Circular Economy

Challenges of Minority Dialects in Speech Recognition: Accuracy Concerns

Title: Study Reveals ASR Models Struggle with Minority Dialects in Transcriptions

Introduction:
The effectiveness of Automatic Speech Recognition (ASR) models in transcribing English speakers with minority dialects has been called into question. A recent study by Georgia Tech and Stanford researchers compared the performance of leading ASR models for Standard American English (SAE) and three minority dialects – African American Vernacular English (AAVE), Spanglish, and Chicano English.

Lead Author:
Interactive Computing Ph.D. student Camille Harris is the lead author of a paper accepted into the 2024 Conference on Empirical Methods in Natural Language Processing (EMNLP) in Miami. Harris recruited individuals who spoke each dialect to read from a Spotify podcast dataset, using ASR models like wav2vec 2.0, HUBERT, and Whisper to transcribe the audio.

Findings:
The study revealed that SAE transcription significantly outperformed minority dialects, with men speaking SAE being transcribed more accurately than women. Minority men, particularly Black and Latino men, were found to have the most inaccurate transcriptions. Harris noted that the underrepresentation of minority dialects in the training data for ASR models played a significant role in these disparities.
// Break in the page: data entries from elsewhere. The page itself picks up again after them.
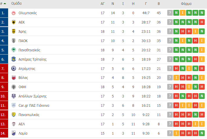 Βαθμολογία : Έπιασε ΑΕΚ στη δεύτερη θέση ο Άρης, στο -5 παρέμεινε ο Παναθηναϊκός
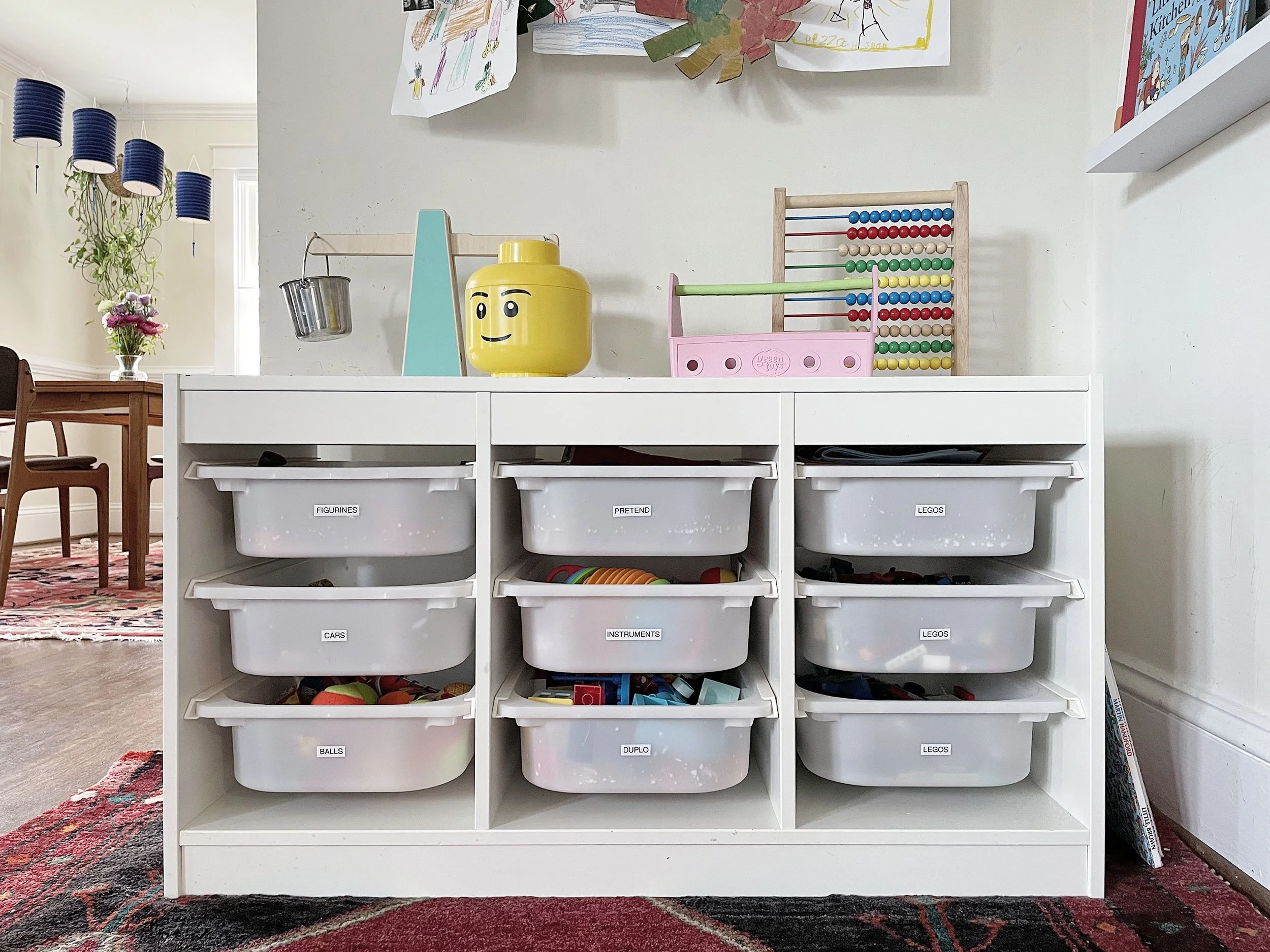 Alex carved out a niche in her living room for toys, featuring IKEA’s TROFAST system (we recommend this to clients all the time!)
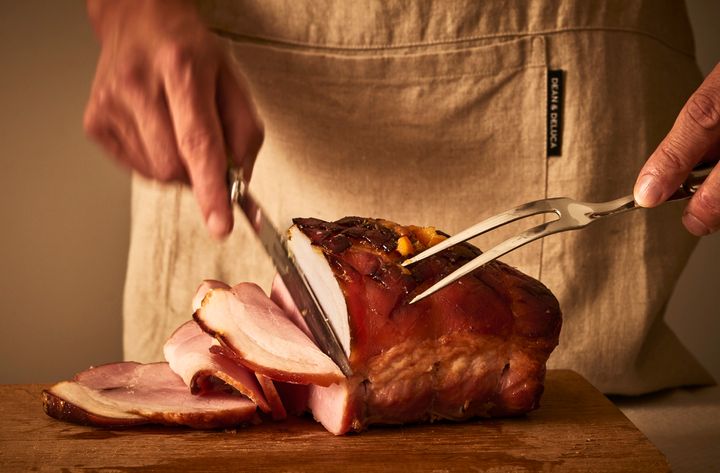 ふくどめ小牧場で大切に育てられた幸福豚のもも肉に、スパイスやハーブ、ママレードなどを合わせたグレーズをまとわせて焼き上げた極上ハム。しっとりと柔らかいのでスライスして前菜にしたり、パンにのせたりすると相性抜群。とにかく美味しいので、ぜひ切り立てでフレッシュ感や香りのよさ、口溶けを楽しんで。

Addressing Underrepresentation:
Harris highlighted the importance of inclusive training data in improving ASR model performance for minority dialects. AAVE showed the best performance under the Whisper model, which had a more inclusive dataset. She also explored the correlation between the underrepresentation of minority men in technology spaces and the performance errors in ASR transcriptions.

Variables and Considerations:
Harris took into account variables like code-switching and regional subdialects among AAVE speakers. She found that speakers who code-switched to SAE performed better in transcriptions. Additionally, she included different regional speakers to capture linguistic variations and generational differences within the data.

TikTok Barriers:
Drawing from her previous research on user-design barriers faced by Black content creators on TikTok, Harris discussed how ASR tools can present challenges for minority users. These creators often had to manually input captions due to inaccuracies in the ASR transcriptions, while SAE speakers benefitted from the built-in feature.

Future Implications:
Harris emphasized the need for ASR tool designers to be more inclusive of minority dialects, considering cultural challenges and the importance of community engagement. She suggested that collecting more minority speech data and seeking community input could help improve the accuracy and relevance of ASR models for diverse user groups.

Conclusion:
In conclusion, the study sheds light on the disparities in ASR model performance for minority dialects and emphasizes the importance of inclusive training data and community engagement in improving transcription accuracy. Moving forward, efforts to address these challenges could lead to more effective and equitable ASR tools for all users. Further research and collaboration with diverse communities will be essential in promoting inclusivity and accuracy in voice recognition technologies.